▶ _PROBLEM_
The material below holds pictures; leave them out and reproduce exactly the lines from the one with "- Combine chilled" through the one with "Uncut Sheet of", inclusive.

▶ _PROVIDED ENTRIES_
◆ ◆ ◆ ◆ ◆ ◆ ◆
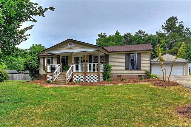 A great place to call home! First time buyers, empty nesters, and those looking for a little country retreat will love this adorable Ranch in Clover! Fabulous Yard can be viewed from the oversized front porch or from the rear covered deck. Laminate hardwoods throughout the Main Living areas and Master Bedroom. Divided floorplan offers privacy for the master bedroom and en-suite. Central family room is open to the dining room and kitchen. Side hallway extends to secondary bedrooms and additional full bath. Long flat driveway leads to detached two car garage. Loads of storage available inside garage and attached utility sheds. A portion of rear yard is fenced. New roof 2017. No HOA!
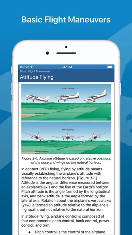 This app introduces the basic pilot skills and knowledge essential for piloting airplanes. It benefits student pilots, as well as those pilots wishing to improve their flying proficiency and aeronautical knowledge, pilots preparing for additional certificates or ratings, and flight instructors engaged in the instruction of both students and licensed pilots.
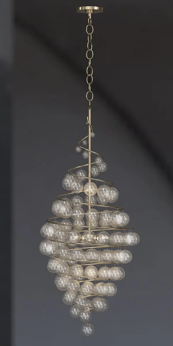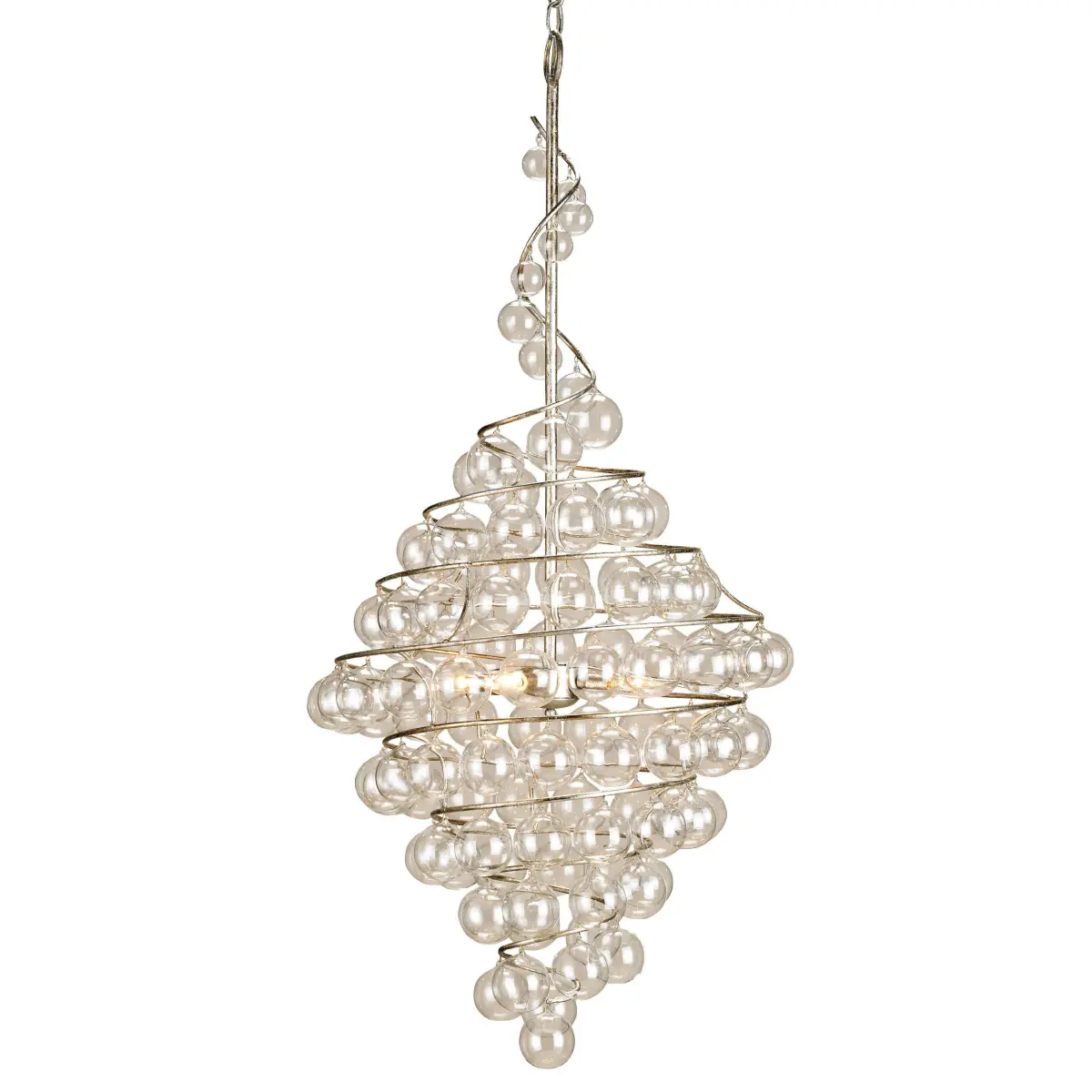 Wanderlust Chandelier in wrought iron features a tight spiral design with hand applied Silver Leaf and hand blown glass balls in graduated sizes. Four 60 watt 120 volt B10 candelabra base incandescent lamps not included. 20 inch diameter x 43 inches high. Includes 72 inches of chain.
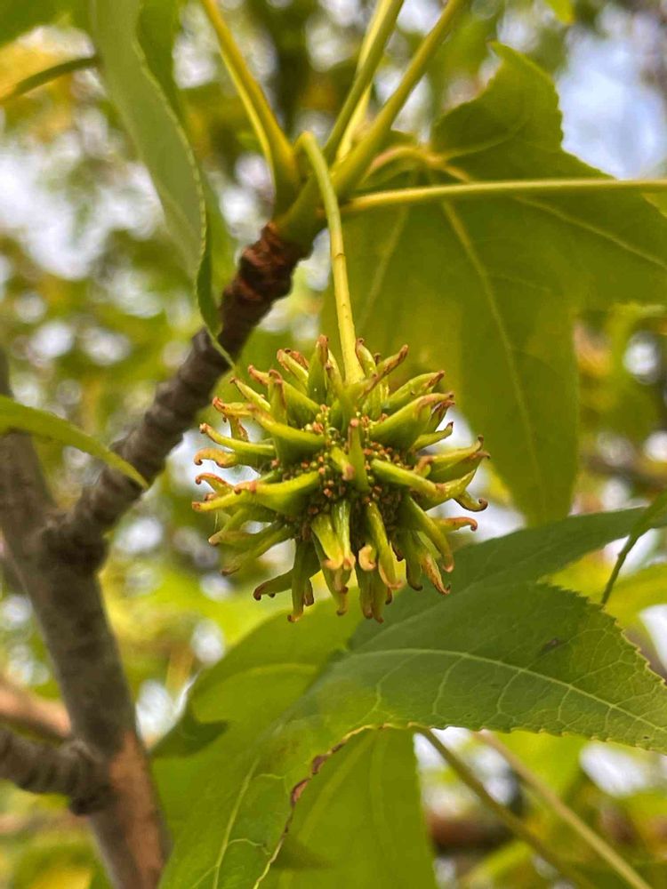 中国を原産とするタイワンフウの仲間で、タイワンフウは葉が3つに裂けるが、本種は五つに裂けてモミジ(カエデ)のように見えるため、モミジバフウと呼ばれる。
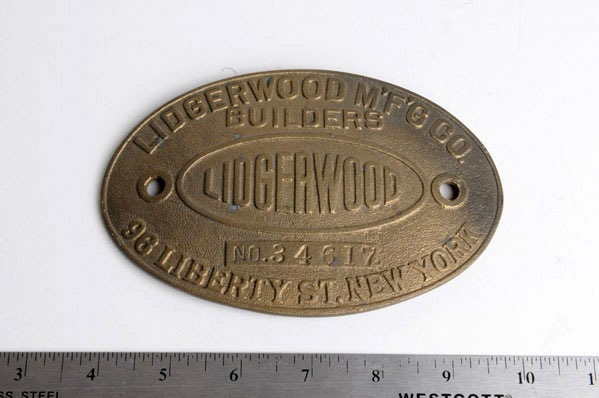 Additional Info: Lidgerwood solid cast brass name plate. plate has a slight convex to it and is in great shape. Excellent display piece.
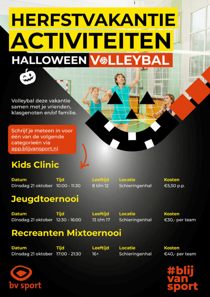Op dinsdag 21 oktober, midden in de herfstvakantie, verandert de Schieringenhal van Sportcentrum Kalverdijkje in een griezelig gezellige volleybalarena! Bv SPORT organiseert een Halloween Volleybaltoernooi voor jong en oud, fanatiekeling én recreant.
◆ ◆ ◆ ◆ ◆ ◆ ◆
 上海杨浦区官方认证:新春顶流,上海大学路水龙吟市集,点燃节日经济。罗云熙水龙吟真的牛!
◆ ◆ ◆ ◆ ◆ ◆ ◆
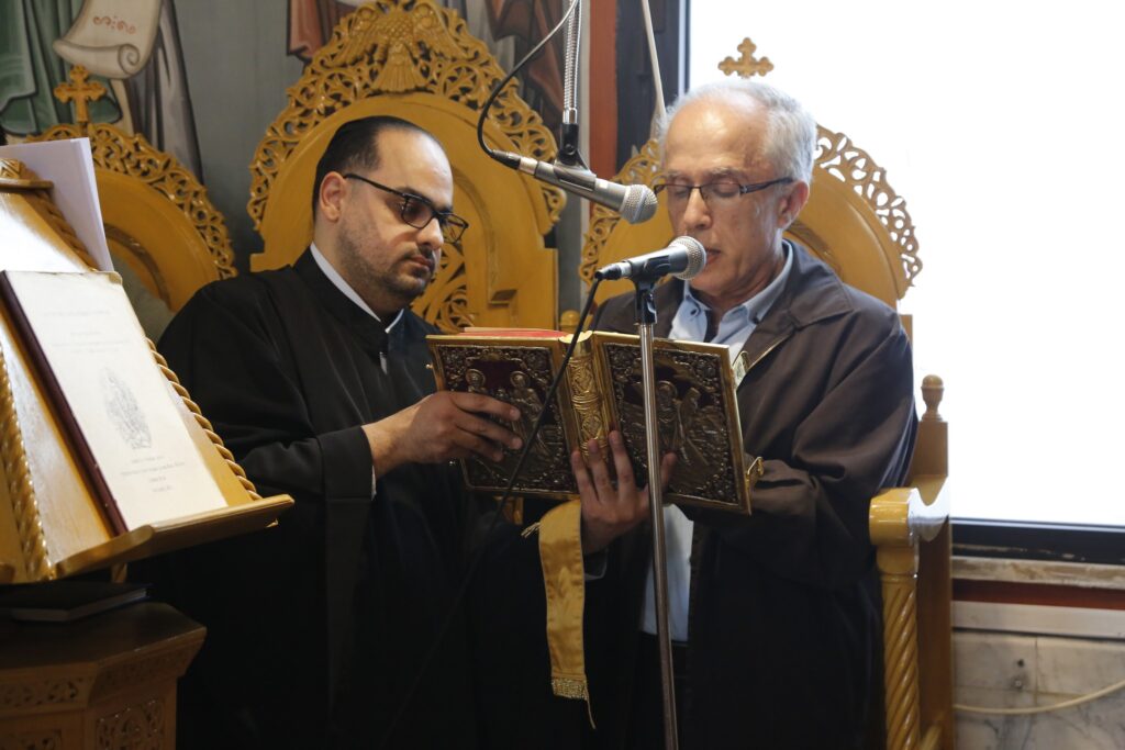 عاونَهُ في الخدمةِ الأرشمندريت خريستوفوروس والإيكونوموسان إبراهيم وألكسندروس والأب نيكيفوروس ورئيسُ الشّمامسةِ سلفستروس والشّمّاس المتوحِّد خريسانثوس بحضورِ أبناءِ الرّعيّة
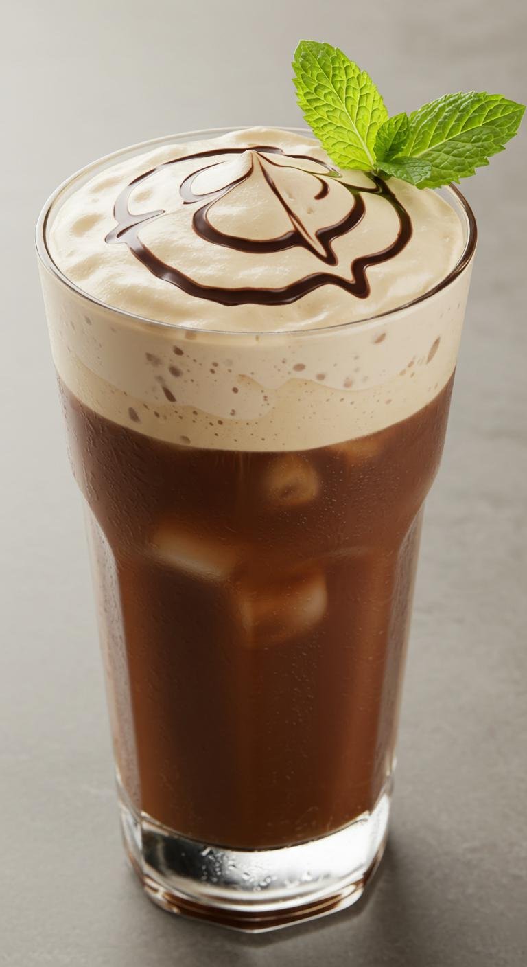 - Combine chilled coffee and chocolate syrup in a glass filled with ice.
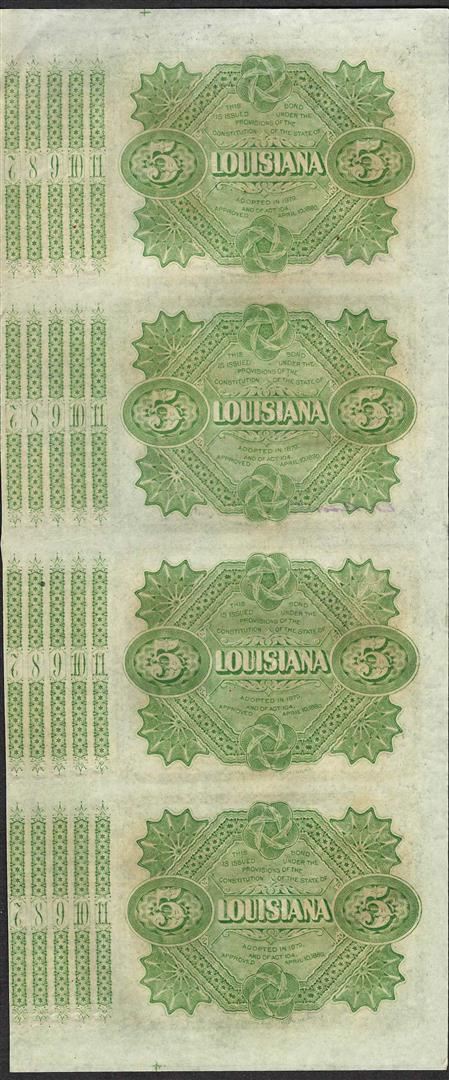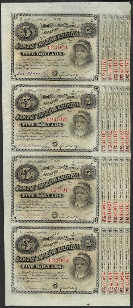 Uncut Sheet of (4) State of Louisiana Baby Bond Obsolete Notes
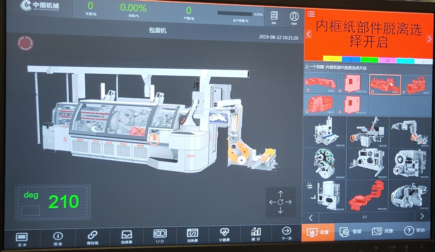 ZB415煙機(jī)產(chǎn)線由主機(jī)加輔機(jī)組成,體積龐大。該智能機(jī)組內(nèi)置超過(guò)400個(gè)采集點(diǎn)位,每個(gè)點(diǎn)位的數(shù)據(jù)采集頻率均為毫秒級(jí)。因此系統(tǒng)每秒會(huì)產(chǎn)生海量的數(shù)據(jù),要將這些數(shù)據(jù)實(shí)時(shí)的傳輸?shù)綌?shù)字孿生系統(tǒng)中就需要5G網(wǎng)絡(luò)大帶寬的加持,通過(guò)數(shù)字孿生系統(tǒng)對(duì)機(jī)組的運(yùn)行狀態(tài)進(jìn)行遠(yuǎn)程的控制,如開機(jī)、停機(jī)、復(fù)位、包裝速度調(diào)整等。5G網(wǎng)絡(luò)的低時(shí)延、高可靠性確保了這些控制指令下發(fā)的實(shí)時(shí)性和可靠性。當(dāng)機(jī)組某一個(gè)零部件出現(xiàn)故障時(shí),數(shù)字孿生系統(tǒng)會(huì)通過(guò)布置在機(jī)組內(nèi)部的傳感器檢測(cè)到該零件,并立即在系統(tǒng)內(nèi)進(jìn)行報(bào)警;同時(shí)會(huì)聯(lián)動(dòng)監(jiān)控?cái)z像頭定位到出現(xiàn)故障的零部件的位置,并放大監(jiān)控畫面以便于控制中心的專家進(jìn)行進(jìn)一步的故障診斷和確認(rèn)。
◆ ◆ ◆ ◆ ◆ ◆ ◆
▶ _OUTPUT FOR THIS EXERCISE_
 - Combine chilled coffee and chocolate syrup in a glass filled with ice.
 Uncut Sheet of (4) State of Louisiana Baby Bond Obsolete Notes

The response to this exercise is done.